Bitten by mosquito politics
“NOW, EVERY single Jamaican, Portmore, I am speaking to you – if a mosquito has ever bitten you in your life, do not vote for the PNP.”
Those words by Kenisha Allen, JLP candidate and former councillor for the Spanish Town division, have stirred up a fair amount of ribaldry and entertainment. I think she meant it as a comment on the management of public health, but many heard it as a throwback to a stark division between all things Comrade and all things Labour: “Dung to de mosquito dem inna Portmore is PNP!”
Evidently, that’s how Everton Fisher, former PNP mayor of Black River, heard it, because he contended in reply that: “We cannot, at this time in our nation’s history, be talking about whether PNP mosquito or JLP mosquito.”
You sure? It seems like that’s exactly what we’re doing.
I think if you really look into what she is saying, the candidate has clearly been studying her folk poetry. So she decided to folk up de place: Maskita one, maskita two, Candidate jump inna hot Malahoo I mean callalloo. It’s just that I miss the good old days when Malahoo was the reliable source of these types of sayings.
Basically, Kenisha’s message was that Angela Brown Burke can galang wid har PhD. Kenisha is so clever that she has given herself a PhD in political microbiology after arriving at the stunning discovery that the mosquitoes of Portmore are PNP. Look here, from another angle, y’know, it’s full time now we celebrate the discoveries of these young scientists and give them a chance.

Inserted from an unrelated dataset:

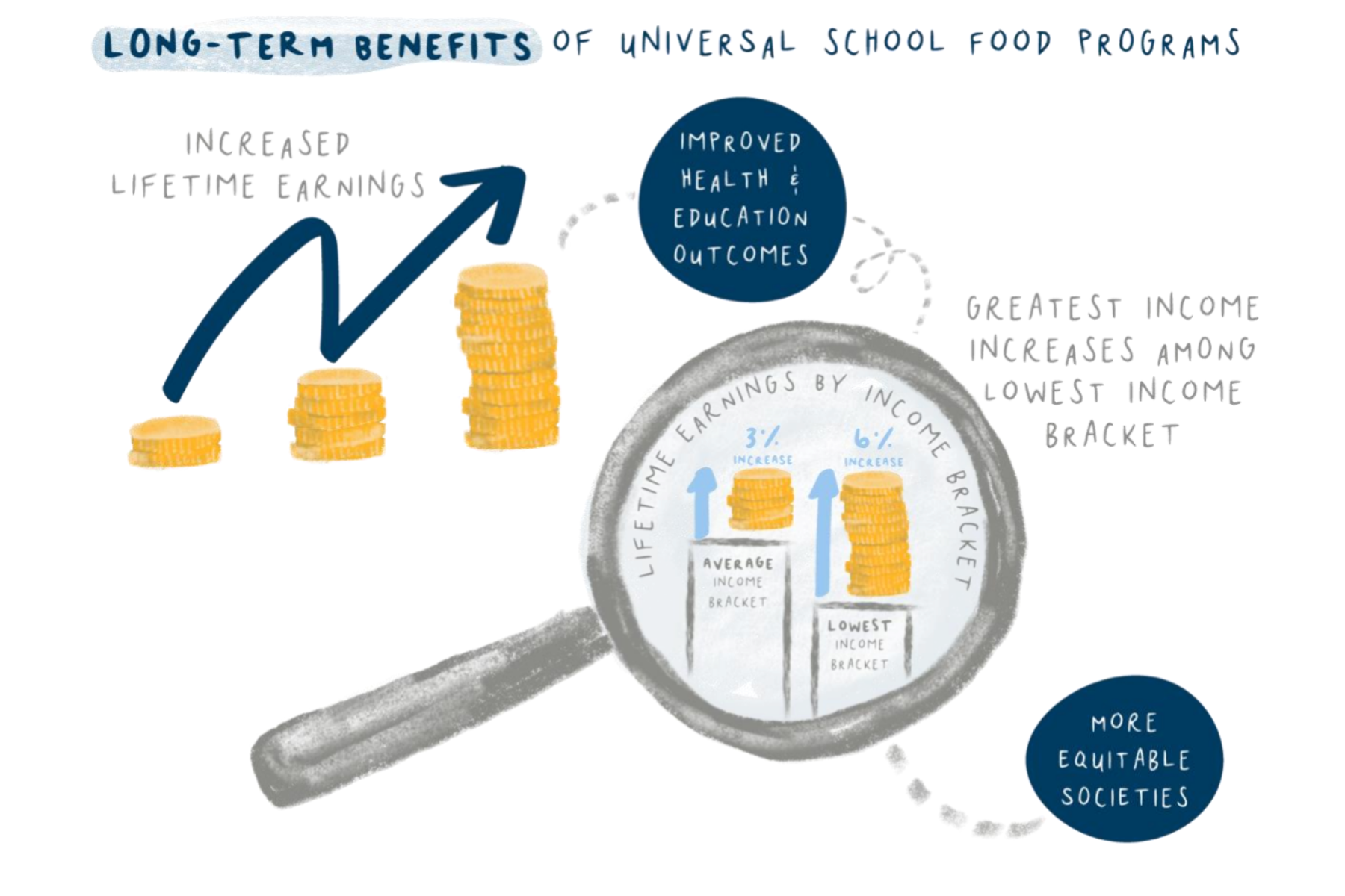 Learn more about the research-backed benefits of school food programs below. Graphics from The Economic Rationale for Investing in School Meal Programs for Canada (Ruetz et al. 2023)

And to be fair, if Kenisha was allowed to elaborate, maybe we would learn that affiliation is based on which garrison the mosquito hails from. Or it might be the mosquito’s gang! There might be some One Order mosquitoes and some Klansman mosquitoes. The key issue there is that one should never try to swat any of those special ones, for they are always ably defended by even larger stinging insects in the courts.
Anyhow, to peek backwards a bit, there was a time when it was proudly announced “dat dung to de dawg inna mi yard is Cumred!”, or “dung to de puss inna mi house haffi seh Showa!” But the general consensus was that this was a waning practice. The whole tribalism thing was supposed to be passe, outa fashion, so yesterday, last week, last year, and all that.
And I think it is a provable fact that there are fewer political dogs and cats roaming the streets and lanes of the island, and if you are unlucky enough to be growled at, barked at, chased, set upon, scratched, bitten, or even (God forbid) mauled, the first inquiry wouldn’t nowadays be about the political affiliation of the animal.
At least I thought that was the new way of seeing things, even though I’ve noticed that the new system has showed some strains. For example, let’s not forget the canine that marched in support of Dudus. He was a fresh reminder that we’re always on the verge of a throwback. Also, I just get a sneaking feeling that that dawg is somewhere waiting to emerge again.
Seriously, this sort of thing is not what anyone was tuning into the local government debate to hear. I thought we were shaking our collective heads at the USA where you can get a man like Trump dropping these sorts of classifications. Or is it that we have a Trumpian communicator?
If so, let me suggest the next major issue after the insects: “We’re gonna build a wall, and Tivoli is gonna pay for it!” To be honest, based on the stories I’m reading about policemen pinned down again, and based on the video being posted everywhere with the gunshot weh a lick inna Tivoli, a wall doesn’t sound like the worst idea at the moment.
EVEN THE ANIMALS DIVIDED
But back to the issue. Fact is, for all we know, the animal population of the country may be hopelessly divided by political affiliation. We don’t speak their languages very well and the media haven’t made it a priority to find out what their ideas are, or what their preferences are in terms of governance.
That’s not to say that they don’t give us hints. For example, I’m now convinced that the jackass population is pretty evenly divided between the two camps.
But more to the point, I remember when Andrew was requesting for Portia to come and walk the streets of the garrison with him. That plan obviously isn’t going to work if when even a likkle beenie mosquito juk somebody, the first question is going to be: “Is a PNP or Labourite mosquito dweet?”
Have we also considered that maybe it’s all this talk of eliminating them that’s causing the mosquitoes to act up? Like the scammers, they clearly have more political clout than would at first appear. Look at how they have injected their issues into the national conversation.
Realistically, I’m guessing most people who heard the mosquito comment immediately thought to themselves: “An annoying insect that feeds off of others and needs to be repelled before it gets into your house and community!” That’s my councillor! That might be the first thought. But most level-headed people would have put that thought aside as unnecessarily cynical.
Except that when the debate devolves into who got bitten by a PNP or JLP vermin, pest, or insect, you can’t blame the public for growing ever more cynical. Especially if the political young are hatching a new infestation of what is recognisably the same old set of diseases.